The Peggotty family are fictional characters in Charles Dickens's 1850 novel David Copperfield.

Daniel Peggotty[edit]

Yarmouth fisherman Daniel Peggotty is the brother of Clara. Referred to as "Mr. Peggotty", he is a fisherman and dealer in lobsters, crabs, and crawfish. He lives in a converted boat on the beach at Yarmouth with Emily, Ham, and Mrs. Gummidge. When Emily abandons them to elope with Steerforth, Daniel vows to find her. Steerforth later leaves Emily and she is re-united with Daniel. At the end of the novel Daniel, Emily, and Mrs. Gummidge resettle in Australia.

Clara Peggotty[edit]

Clara Peggotty is usually referred to as simply 'Peggotty' so as not to confuse her with David's mother, who is also called Clara. Peggotty is the housekeeper of the family home and plays a big part in David's upbringing. Peggotty is the sister of Yarmouth fisherman Daniel Peggotty, and the aunt of Ham Peggotty and Little Em'ly.[1] Early in the novel, David's aunt, Betsey Trotwood, dismisses Peggotty's surname (had it been a given name) as being pagan:

"Peggotty!" repeated Miss Betsey, with some indignation. "Do you mean to say, child, that any human being has gone into a Christian church, and got herself named Peggotty?"[1]

Mrs Copperfield then explains that Peggotty is known by her surname to avoid confusion with herself as they share the same first name. As a "peggotty" or a "knitting nancy" (also known as a knitting loom) is a knitting device, the name may be a reference to Clara Peggotty's fondness for knitting.

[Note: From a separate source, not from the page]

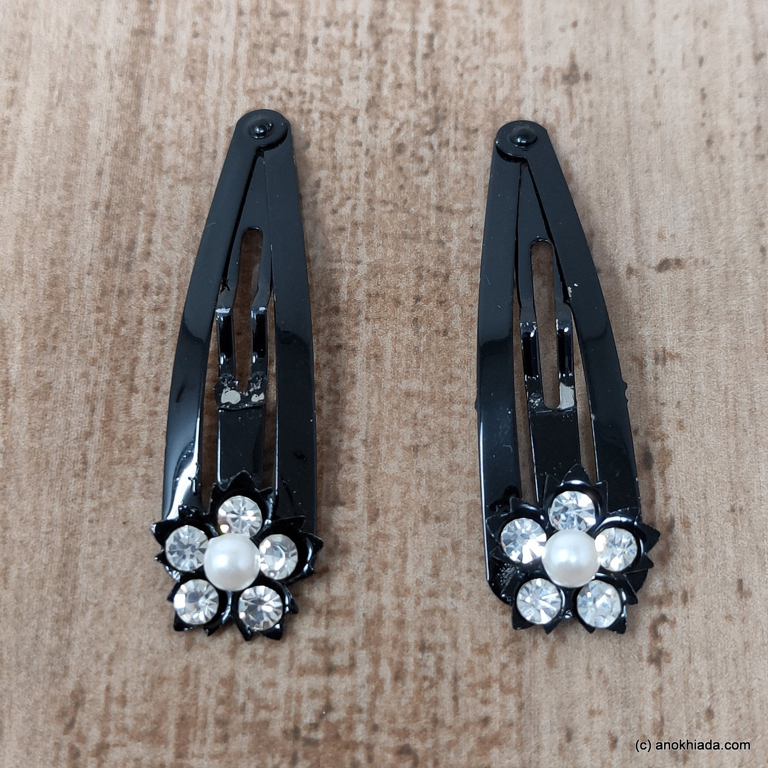 Anokhi Ada Floral Stone studded Tic Tac Hair Clip for Girls and Women - (BF-06)

Peggotty is described as having cheeks like a red apple. Peggotty is gentle and caring, opening herself and her family to David whenever he is in need. She remains faithful to David Copperfield all her life, being like a second mother to him, never abandoning him, his mother, or his great-aunt Miss Betsey Trotwood. In her kind motherliness, Peggotty contrasts markedly with the harsh and unloving Miss Murdstone, the sister of David's cruel stepfather Mr Murdstone.[2]

She marries carrier Mr Barkis and is afterwards sometimes referred to as Mrs. Barkis, a name Aunt Betsey Trotwood regards as much more suitable. On her husband's death Peggotty inherits £3,000 — equivalent to about £290 thousand in present-day terms.[3] After his death, she becomes Betsy Trotwood's servant and companion.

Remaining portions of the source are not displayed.